Data provided:
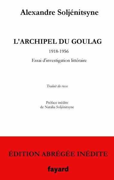 Après la publication, en 1962, de son roman, Une journée d'Ivan Denissovitch, où il dépeignait la vie d'un prisonnier du Goulag, Alexandre Soljénitsyne reçut, venus de toute la Russie, des centaines de lettres de témoignages sur les camps soviétiques. À partir de ce matériau, il composa l'Archipel du Goulag qui, lors de sa parution en Occident en 1974, suscita une prise de conscience des réalités du régime soviétique. Devenu un best-seller international, l'ouvrage fut tiré à des millions d'exemplaires avant d'être publié dans le pays de l'auteur. Publié en trois volumes aux éditions Fayard (1991-2013), l'ouvrage fait ici l'objet d'une version abrégée inédite, conformément à la version russe établie en 2010 par Natalia Soljénitsyne. Traduit du russe Édition abrégée inédite Préface de Natalia Soljénitsyne
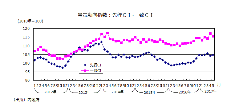 ●一致CIを使った景気の基調判断をみると、15年5月分~16年9月分の1年5カ月間もの間、景気拡張の動きが足踏み状態になっている可能性が高いことを示す「足踏みを示している」という同じ基調判断が続いていたが、16年10月分で「改善を示している」に上方修正された。その後11月分・12月分・17年1月分・2月分・3月分・4月分と同じ基調判断だった。今回5月分も「改善を示している」で8カ月連続して最高の判断が続いている。
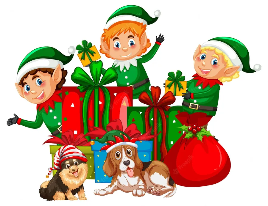 Christmas Elf With Dogs Wallpaper

Work to be completed: Go through the material above and print all of it exactly, except the pictures.

Answer for this exercise:
 Après la publication, en 1962, de son roman, Une journée d'Ivan Denissovitch, où il dépeignait la vie d'un prisonnier du Goulag, Alexandre Soljénitsyne reçut, venus de toute la Russie, des centaines de lettres de témoignages sur les camps soviétiques. À partir de ce matériau, il composa l'Archipel du Goulag qui, lors de sa parution en Occident en 1974, suscita une prise de conscience des réalités du régime soviétique. Devenu un best-seller international, l'ouvrage fut tiré à des millions d'exemplaires avant d'être publié dans le pays de l'auteur. Publié en trois volumes aux éditions Fayard (1991-2013), l'ouvrage fait ici l'objet d'une version abrégée inédite, conformément à la version russe établie en 2010 par Natalia Soljénitsyne. Traduit du russe Édition abrégée inédite Préface de Natalia Soljénitsyne
 ●一致CIを使った景気の基調判断をみると、15年5月分~16年9月分の1年5カ月間もの間、景気拡張の動きが足踏み状態になっている可能性が高いことを示す「足踏みを示している」という同じ基調判断が続いていたが、16年10月分で「改善を示している」に上方修正された。その後11月分・12月分・17年1月分・2月分・3月分・4月分と同じ基調判断だった。今回5月分も「改善を示している」で8カ月連続して最高の判断が続いている。
 Christmas Elf With Dogs Wallpaper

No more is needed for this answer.